Task. In the material below, find the span from the line with "Friskies Cat multipack" to the line with "憧れを胸に秘めて活動を続けて" and transcribe only those lines, exactly, ends included, without the pictures.

The data.

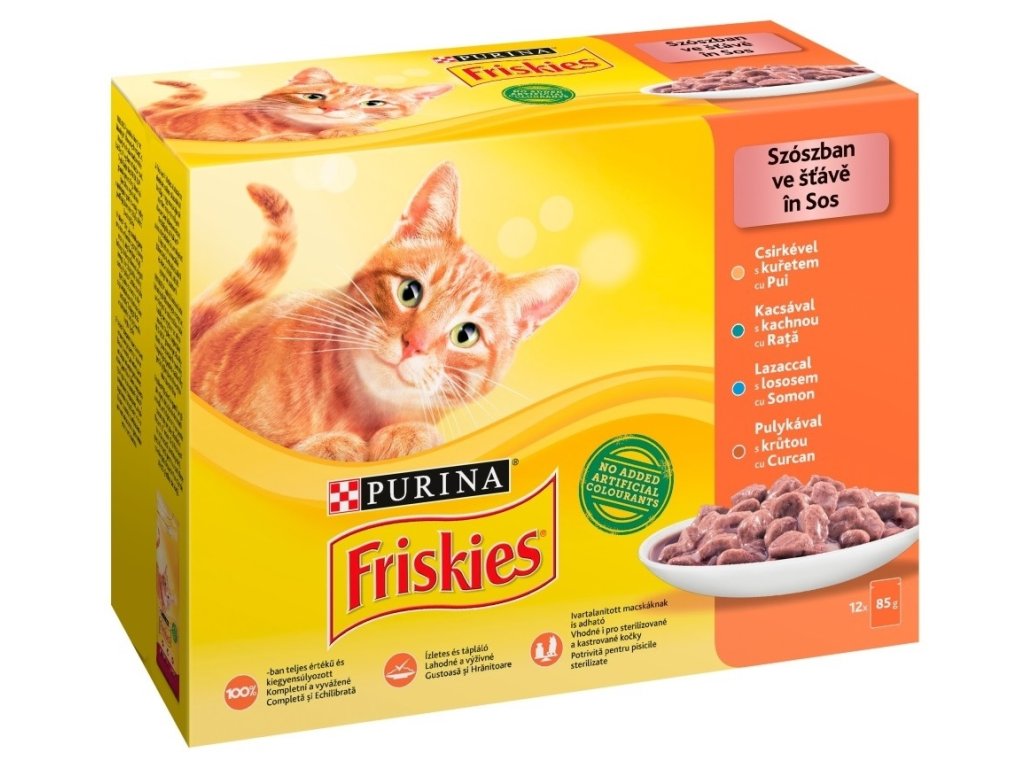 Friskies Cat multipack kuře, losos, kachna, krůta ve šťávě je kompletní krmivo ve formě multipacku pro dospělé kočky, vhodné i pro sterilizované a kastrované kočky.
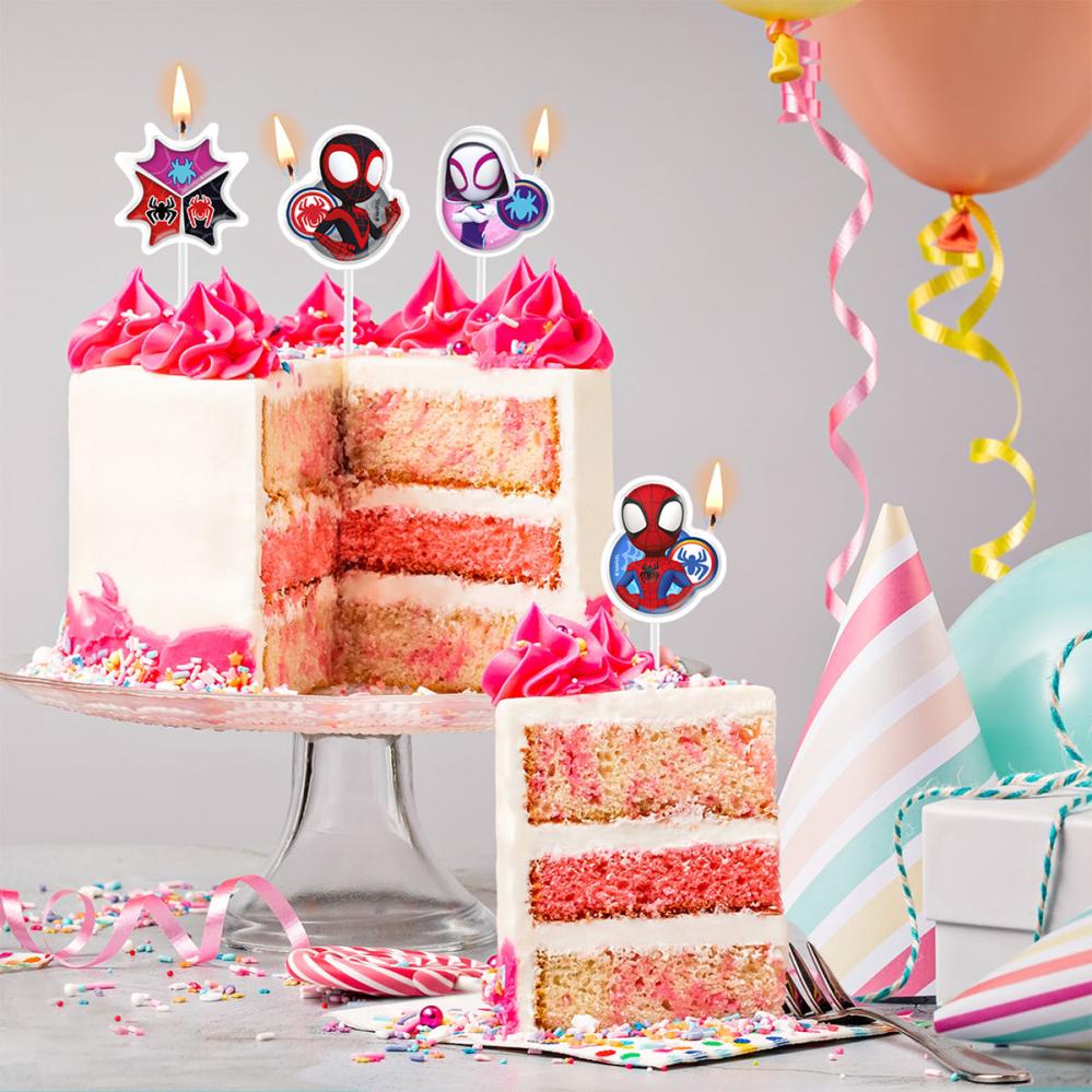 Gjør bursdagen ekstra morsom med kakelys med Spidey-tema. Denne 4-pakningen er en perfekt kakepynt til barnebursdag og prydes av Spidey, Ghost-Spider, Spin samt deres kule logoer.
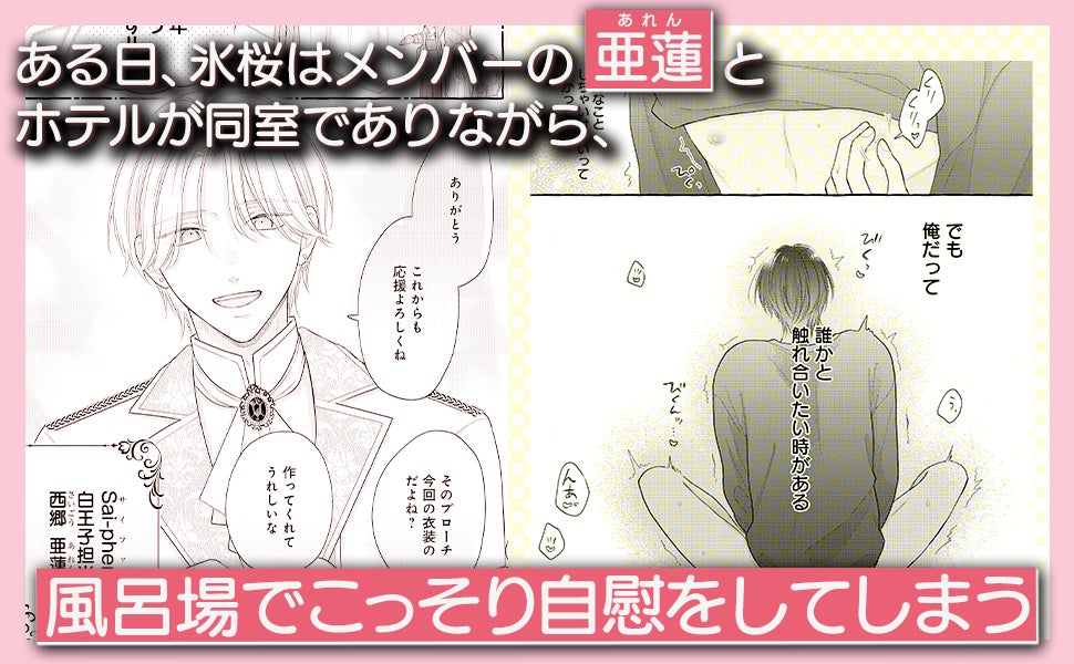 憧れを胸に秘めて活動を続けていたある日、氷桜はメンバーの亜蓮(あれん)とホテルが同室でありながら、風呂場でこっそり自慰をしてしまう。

--

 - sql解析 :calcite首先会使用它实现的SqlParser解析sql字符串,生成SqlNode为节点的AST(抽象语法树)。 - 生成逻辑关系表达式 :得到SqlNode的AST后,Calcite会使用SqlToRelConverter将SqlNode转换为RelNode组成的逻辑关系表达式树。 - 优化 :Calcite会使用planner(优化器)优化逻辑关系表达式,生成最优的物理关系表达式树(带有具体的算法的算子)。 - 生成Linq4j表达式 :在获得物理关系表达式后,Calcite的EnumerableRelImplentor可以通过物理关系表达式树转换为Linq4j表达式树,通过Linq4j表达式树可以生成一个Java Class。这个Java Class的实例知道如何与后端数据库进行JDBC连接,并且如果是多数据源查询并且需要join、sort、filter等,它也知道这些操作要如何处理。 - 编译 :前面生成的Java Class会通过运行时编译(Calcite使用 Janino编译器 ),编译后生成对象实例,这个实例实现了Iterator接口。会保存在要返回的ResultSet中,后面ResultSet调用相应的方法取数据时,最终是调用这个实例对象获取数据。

...

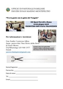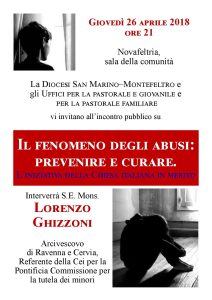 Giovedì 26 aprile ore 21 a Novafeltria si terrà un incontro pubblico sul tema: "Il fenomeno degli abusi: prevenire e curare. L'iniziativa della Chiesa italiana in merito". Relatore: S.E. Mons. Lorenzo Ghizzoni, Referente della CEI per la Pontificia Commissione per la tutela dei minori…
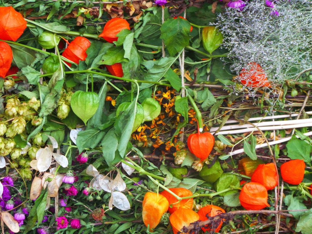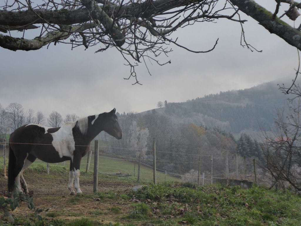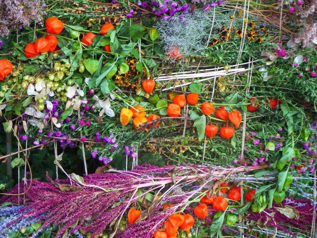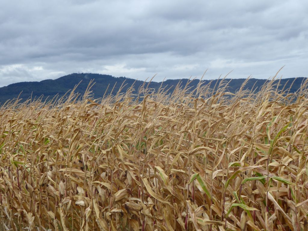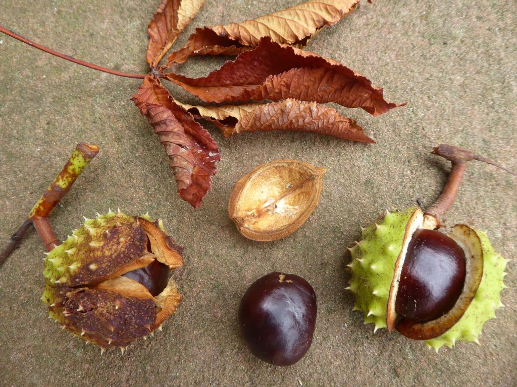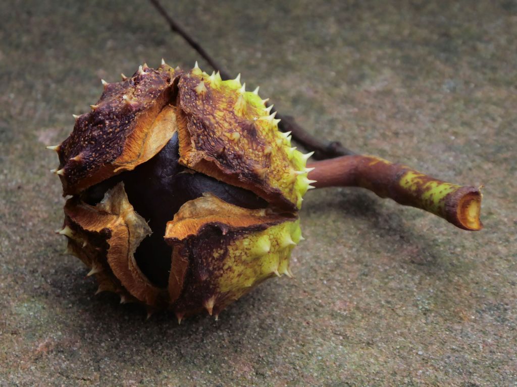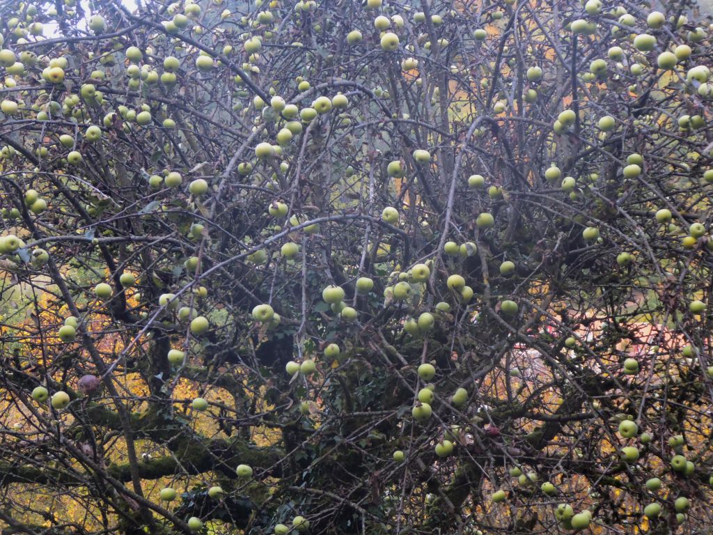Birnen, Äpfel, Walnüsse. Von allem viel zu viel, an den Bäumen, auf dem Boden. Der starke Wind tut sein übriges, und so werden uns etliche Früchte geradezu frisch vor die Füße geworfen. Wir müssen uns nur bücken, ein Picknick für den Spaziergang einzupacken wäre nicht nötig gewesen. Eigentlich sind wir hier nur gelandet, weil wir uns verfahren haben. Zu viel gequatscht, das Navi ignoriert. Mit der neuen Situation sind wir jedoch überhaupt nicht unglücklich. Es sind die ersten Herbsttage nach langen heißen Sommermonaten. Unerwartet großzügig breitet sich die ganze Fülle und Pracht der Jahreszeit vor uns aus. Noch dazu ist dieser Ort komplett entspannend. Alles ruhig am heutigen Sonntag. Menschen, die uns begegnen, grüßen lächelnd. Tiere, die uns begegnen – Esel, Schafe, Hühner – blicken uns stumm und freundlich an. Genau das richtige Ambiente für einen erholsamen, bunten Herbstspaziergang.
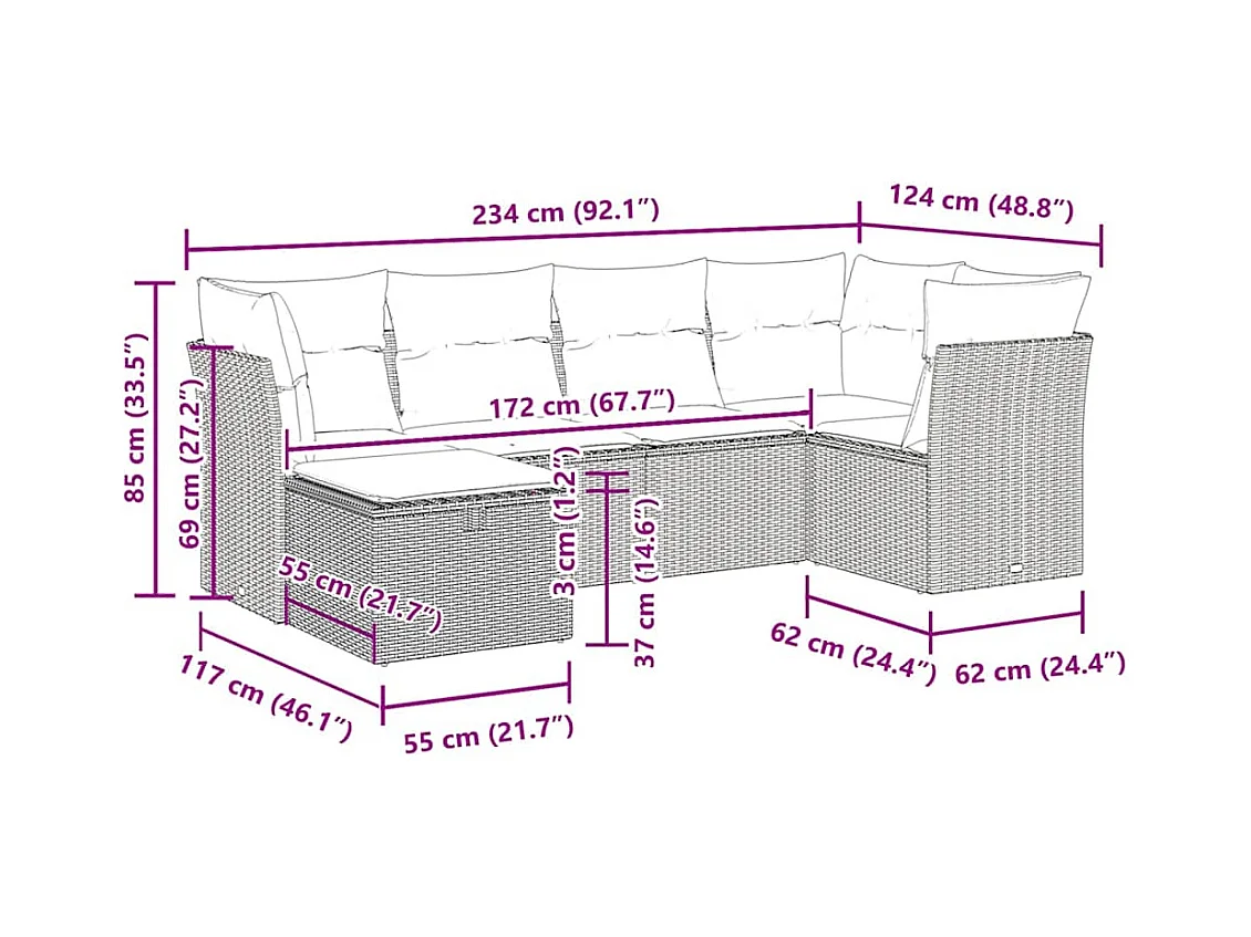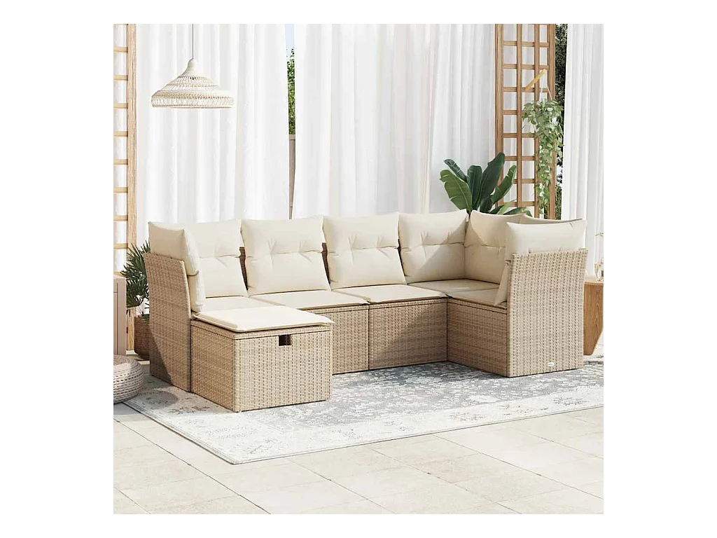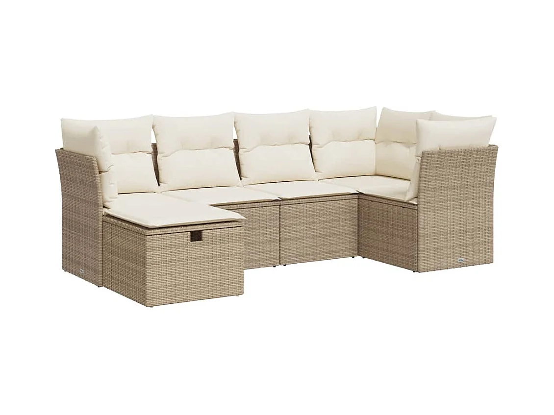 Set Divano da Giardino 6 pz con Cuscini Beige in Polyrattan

Solution to the exercise.
 Friskies Cat multipack kuře, losos, kachna, krůta ve šťávě je kompletní krmivo ve formě multipacku pro dospělé kočky, vhodné i pro sterilizované a kastrované kočky.
 Gjør bursdagen ekstra morsom med kakelys med Spidey-tema. Denne 4-pakningen er en perfekt kakepynt til barnebursdag og prydes av Spidey, Ghost-Spider, Spin samt deres kule logoer.
 憧れを胸に秘めて活動を続けていたある日、氷桜はメンバーの亜蓮(あれん)とホテルが同室でありながら、風呂場でこっそり自慰をしてしまう。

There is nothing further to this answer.